[[ Data provided open ]]

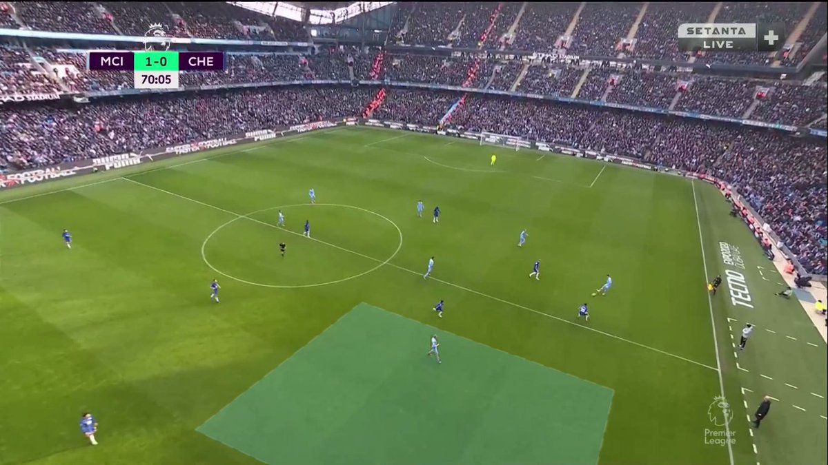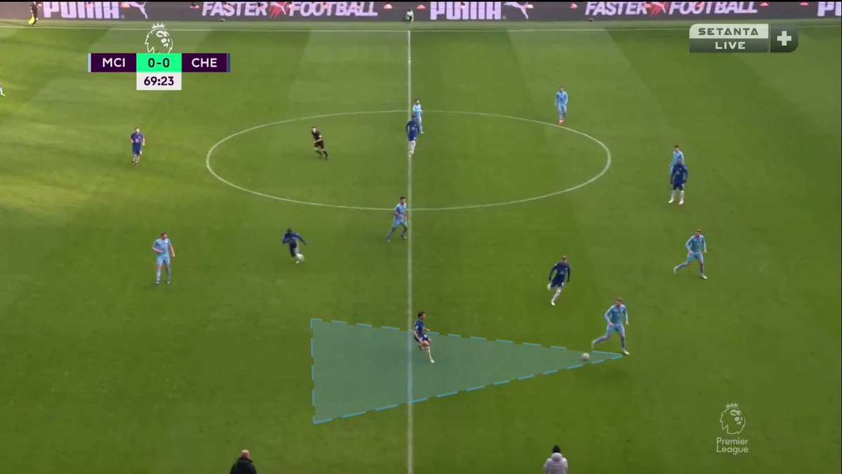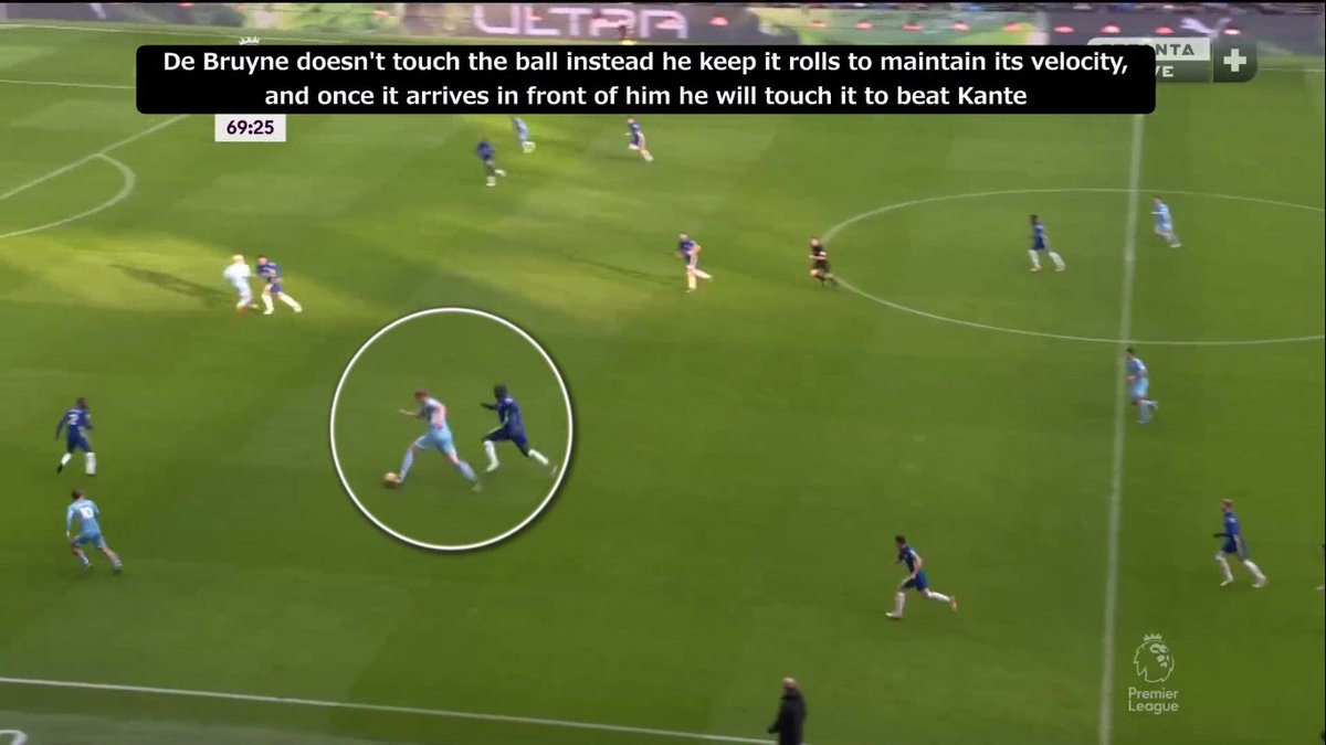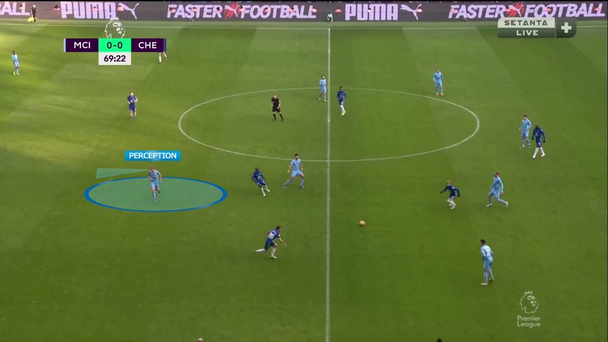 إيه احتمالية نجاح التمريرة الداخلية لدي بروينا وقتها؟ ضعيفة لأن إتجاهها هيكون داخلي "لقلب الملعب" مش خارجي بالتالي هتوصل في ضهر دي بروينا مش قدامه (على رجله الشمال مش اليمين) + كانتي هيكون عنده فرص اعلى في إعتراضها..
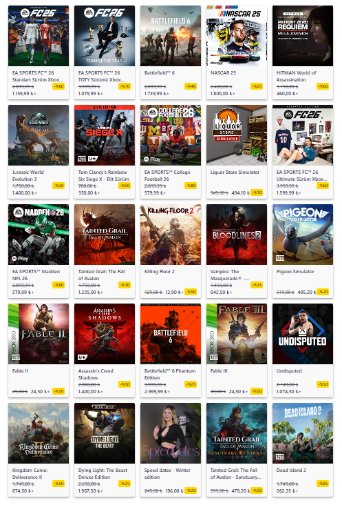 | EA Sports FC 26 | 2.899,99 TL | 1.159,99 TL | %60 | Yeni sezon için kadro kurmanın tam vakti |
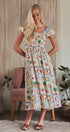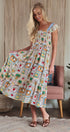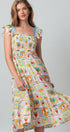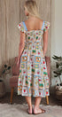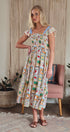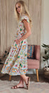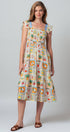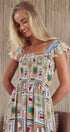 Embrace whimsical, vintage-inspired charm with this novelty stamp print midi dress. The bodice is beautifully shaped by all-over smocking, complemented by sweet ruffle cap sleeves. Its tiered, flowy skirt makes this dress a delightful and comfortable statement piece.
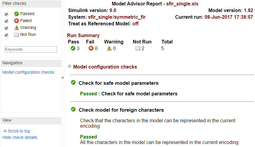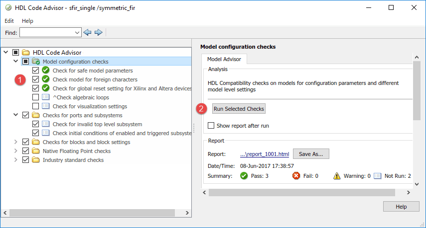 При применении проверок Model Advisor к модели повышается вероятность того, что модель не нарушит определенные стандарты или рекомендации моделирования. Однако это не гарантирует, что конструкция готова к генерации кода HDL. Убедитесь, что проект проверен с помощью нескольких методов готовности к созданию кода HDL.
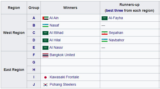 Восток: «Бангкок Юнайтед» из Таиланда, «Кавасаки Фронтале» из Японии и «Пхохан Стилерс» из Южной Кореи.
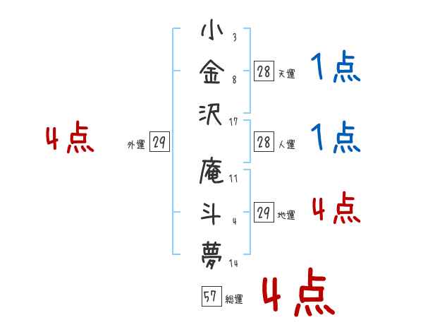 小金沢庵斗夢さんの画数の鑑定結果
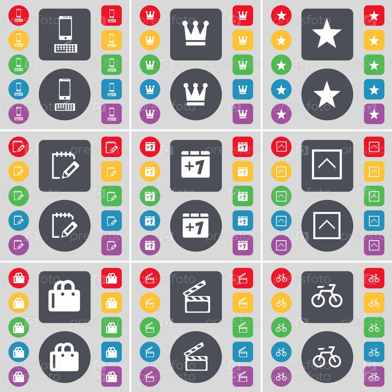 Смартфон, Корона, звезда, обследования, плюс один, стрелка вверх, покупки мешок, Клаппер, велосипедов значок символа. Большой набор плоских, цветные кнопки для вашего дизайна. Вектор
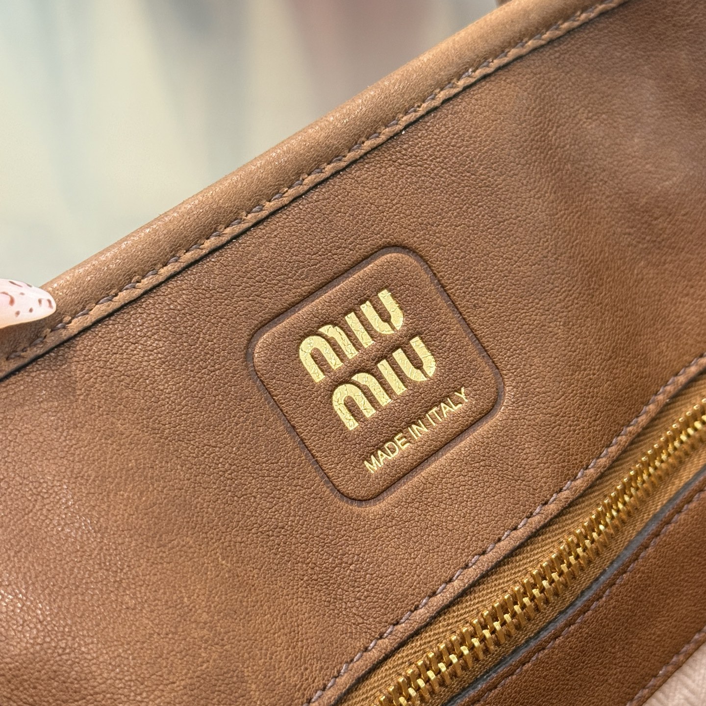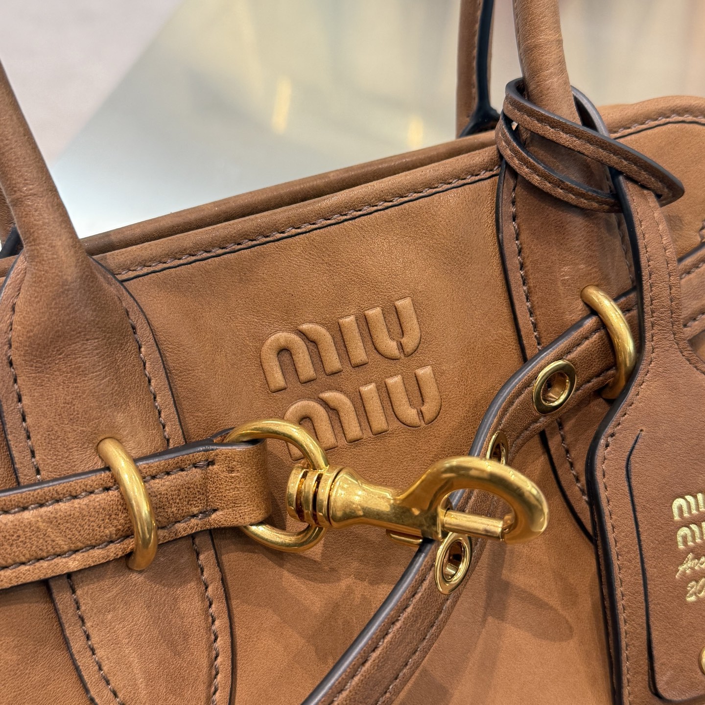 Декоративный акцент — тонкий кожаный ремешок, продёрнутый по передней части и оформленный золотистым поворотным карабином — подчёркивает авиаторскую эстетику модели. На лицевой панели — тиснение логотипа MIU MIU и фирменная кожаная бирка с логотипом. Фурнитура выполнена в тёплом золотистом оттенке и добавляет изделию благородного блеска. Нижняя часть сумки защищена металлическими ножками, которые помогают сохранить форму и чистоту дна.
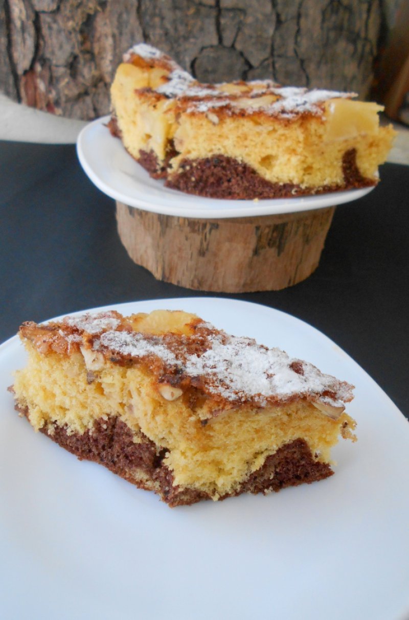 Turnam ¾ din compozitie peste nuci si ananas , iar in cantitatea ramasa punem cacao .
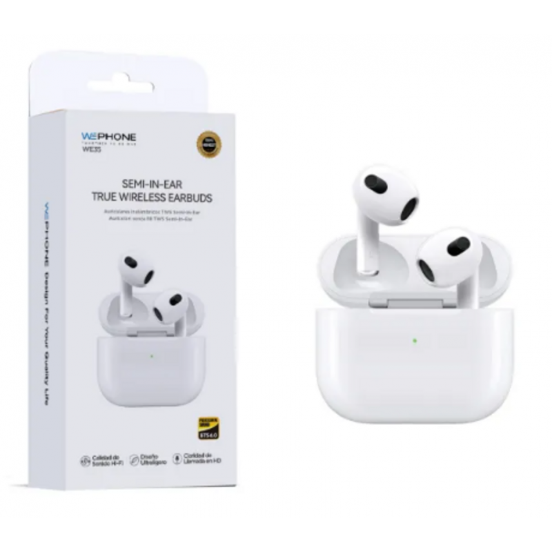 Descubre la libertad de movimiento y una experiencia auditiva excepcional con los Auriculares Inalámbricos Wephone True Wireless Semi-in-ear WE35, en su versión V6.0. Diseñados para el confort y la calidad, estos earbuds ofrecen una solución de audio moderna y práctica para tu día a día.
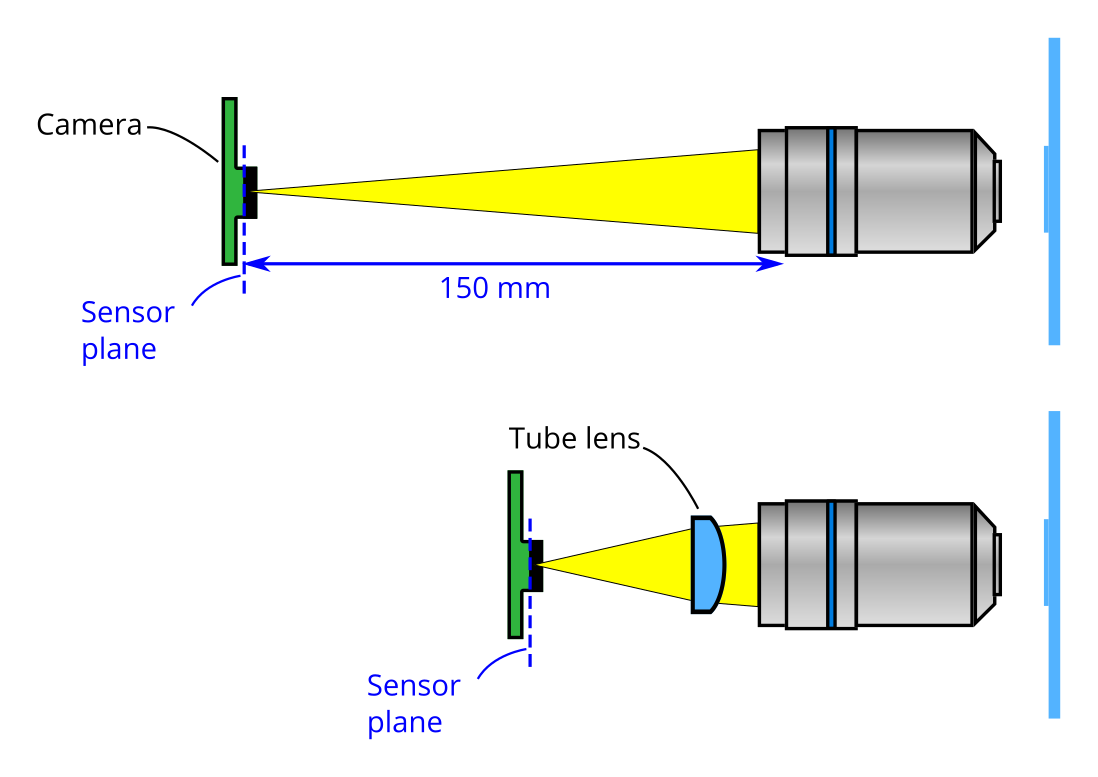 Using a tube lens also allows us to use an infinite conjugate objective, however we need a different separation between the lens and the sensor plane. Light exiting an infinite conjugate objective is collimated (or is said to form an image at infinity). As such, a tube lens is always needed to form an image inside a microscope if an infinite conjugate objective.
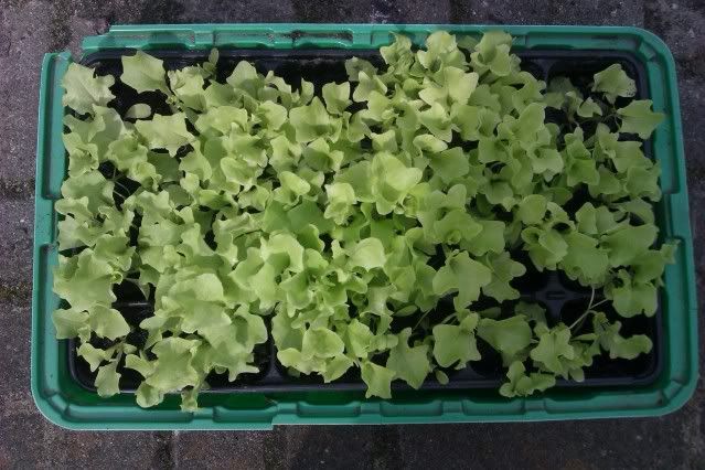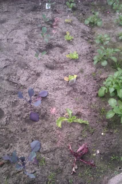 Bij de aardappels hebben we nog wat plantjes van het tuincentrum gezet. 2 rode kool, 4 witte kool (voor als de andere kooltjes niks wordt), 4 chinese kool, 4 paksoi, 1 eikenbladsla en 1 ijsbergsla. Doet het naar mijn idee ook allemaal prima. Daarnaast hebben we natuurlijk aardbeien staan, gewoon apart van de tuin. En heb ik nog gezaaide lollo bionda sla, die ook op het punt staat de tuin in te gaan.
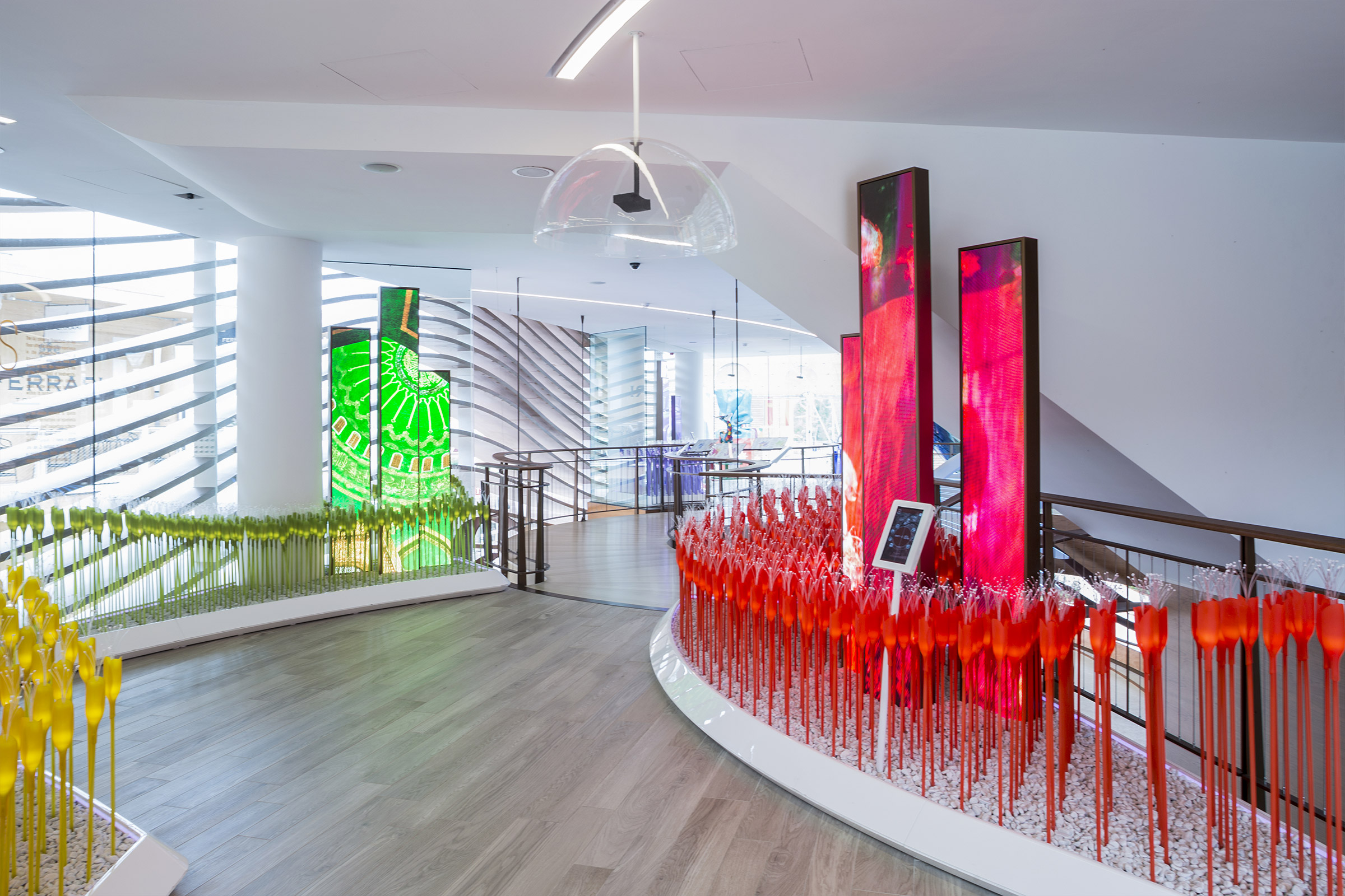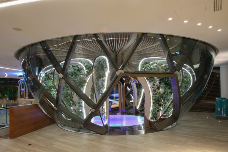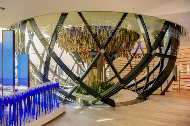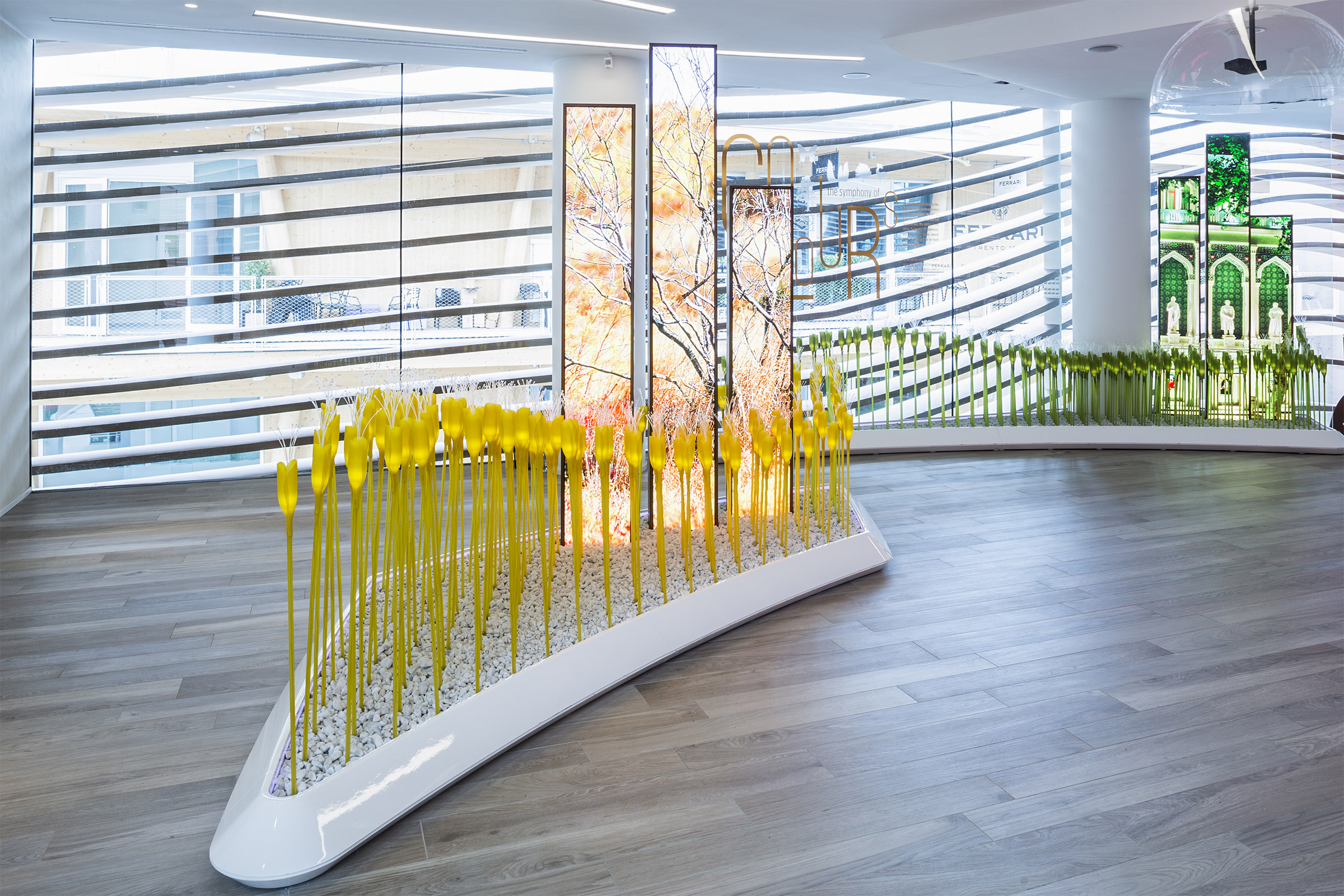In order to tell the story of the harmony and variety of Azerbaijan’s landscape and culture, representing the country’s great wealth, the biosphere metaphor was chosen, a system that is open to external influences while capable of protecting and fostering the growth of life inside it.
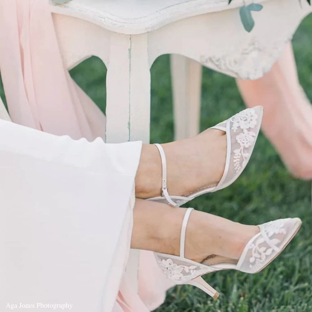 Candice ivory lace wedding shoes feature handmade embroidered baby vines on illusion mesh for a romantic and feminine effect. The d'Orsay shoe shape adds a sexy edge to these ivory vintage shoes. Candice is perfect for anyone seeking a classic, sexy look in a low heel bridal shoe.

[[ Data provided closed ]]

- **What to produce**: Pictures are to be left out, and the lines from the beginning of the records through the line with "Turnam ¾ din" are to be printed exactly, with nothing added.

- **Response**:
 إيه احتمالية نجاح التمريرة الداخلية لدي بروينا وقتها؟ ضعيفة لأن إتجاهها هيكون داخلي "لقلب الملعب" مش خارجي بالتالي هتوصل في ضهر دي بروينا مش قدامه (على رجله الشمال مش اليمين) + كانتي هيكون عنده فرص اعلى في إعتراضها..
 | EA Sports FC 26 | 2.899,99 TL | 1.159,99 TL | %60 | Yeni sezon için kadro kurmanın tam vakti |
 Embrace whimsical, vintage-inspired charm with this novelty stamp print midi dress. The bodice is beautifully shaped by all-over smocking, complemented by sweet ruffle cap sleeves. Its tiered, flowy skirt makes this dress a delightful and comfortable statement piece.
 При применении проверок Model Advisor к модели повышается вероятность того, что модель не нарушит определенные стандарты или рекомендации моделирования. Однако это не гарантирует, что конструкция готова к генерации кода HDL. Убедитесь, что проект проверен с помощью нескольких методов готовности к созданию кода HDL.
 Восток: «Бангкок Юнайтед» из Таиланда, «Кавасаки Фронтале» из Японии и «Пхохан Стилерс» из Южной Кореи.
 小金沢庵斗夢さんの画数の鑑定結果
 Смартфон, Корона, звезда, обследования, плюс один, стрелка вверх, покупки мешок, Клаппер, велосипедов значок символа. Большой набор плоских, цветные кнопки для вашего дизайна. Вектор
 Декоративный акцент — тонкий кожаный ремешок, продёрнутый по передней части и оформленный золотистым поворотным карабином — подчёркивает авиаторскую эстетику модели. На лицевой панели — тиснение логотипа MIU MIU и фирменная кожаная бирка с логотипом. Фурнитура выполнена в тёплом золотистом оттенке и добавляет изделию благородного блеска. Нижняя часть сумки защищена металлическими ножками, которые помогают сохранить форму и чистоту дна.
 Turnam ¾ din compozitie peste nuci si ananas , iar in cantitatea ramasa punem cacao .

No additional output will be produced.